Trout culture is a little younger; the appearance of  the “Treatise on Fysshynge with an Angle” in  the Boke of St Alban’s which was published in 1486, which confirmed the long-standing position of trout as the prestige fish for freshwater fishermen. By the 17th century, river stock depletion was a problem and, in 1741, Stephen Ludwig Jacobi established the first trout hatchery in Germany. From this time, anglers started to depend on cultured supplies of stocks to increase, or substitute, the natural trout production. Following the hatcheries used for restocking, the next  development was the rearing of young fish to maturity. This took a long time since the first attempts at commercial trout culture were made in the early nineteenth century but it was not until the mid-twentieth century that expertise was strong enough for trout farming a recognisable activity. The development of pre-fabricated feeds, as well as a better understanding of the husbandry requirements, allowed the activity to expand considerably, spreading throughout Europe into every State.

Marine aquaculture required some engineering, primarily for solidly-built floating cages. In addition, logistical problems needed solving.

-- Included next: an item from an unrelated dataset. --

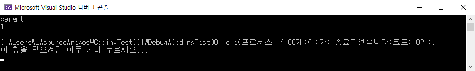 재미있는 점은 컴파일러는 parent 포인터로 받은 child 클래스를 parent 클래스로 인식하고 overide 되지 않은 함수를 호출 하는 것이다. 변수도 마찬가지

As an example, the transfer of live juvenile salmon - which are produced in freshwater - to the cages in the sea requires special well-boats or helicopters.

For sea bass and sea bream, now produced commercially in the Mediterranean, the key issue for successful farming was the feeding and rearing of the larvae. Once these problems were resolved in the 1980s, this sector has grown very quickly.

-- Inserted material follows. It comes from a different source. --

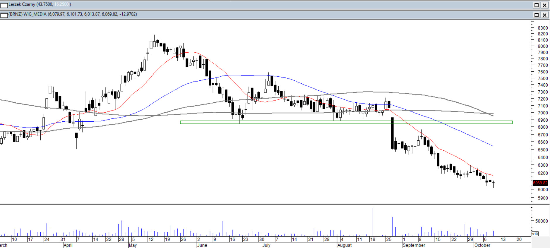 Sposób poruszania się branżowych mediów należy w tym roku do najbardziej niedźwiedzich w swojej historii. Szybkim tempem zbliżamy się oto do 3-letnich minimów. Bardzo słabą koniunkturę potwierdza też ułożenie kursu w stosunku do średnich 15/45, który przebywał od początku czerwca ponad obiema raptem przez jeden dzień. Jest tu oczywiście niskie wyprzedanie oscylatorów, ale ono póki co nie zachęca uczestników rynku do żwawszej akcji nastawionej na odwrócenie tendencji. Odchylenie kursu od średniej ze 100 sesji osiąga poziomy, gdzie wcześniej taka próba była historycznie podejmowana. Jednak udział biały korpusów (większych niż 0,5%) jest relatywnie i niski. Tu czarne od kilku tygodni górują, przewaga wzrosła jak 3:1, co potwierdza niepodważalną dominację niedźwiedzi.

The only country with a history of farming eels is Japan, where eel farming has been done for centuries, on a subsistence basis. Commercial farming started around 1820 in Japan while, in Europe, the Italian valli were the first to approach the cultivation of this species and this was the first European country to develop commercial farms. Today, with the advent of water recirculation technology, eel farming is also done in the Netherlands, Denmark, Sweden and elsewhere. 

These are not the only species produced in European aquaculture, turbot - cod - sole - catfish - sturgeon - pike - pikeperch and others are either farmed commercially or being developed.

Today, Aquaculture remains the fastest growing food supply sector in the world – estimated at 6%/year by the FAO and now accounts for nearly 50% of the world's food fish supply (FAO).

In 2011, the FAO estimated an average global fish consumption of 18.8 kg per person per year, this means the global demand adds up to 131 million tons. With a stable food fisheries supply of around 67 million tons, this means that 64 million tons have to come from aquaculture. Moreover, with an increasing population forecast, by 2030 the total need will be more than 160 million tons. If global fisheries remain stable, aquaculture production has to grow to 100 million tons!


Today, Aquaculture remains the fastest growing food supply sector in the world estimated at 6%/year by the FAO and now accounts for nearly 50% of the world's food fish supply (FAO).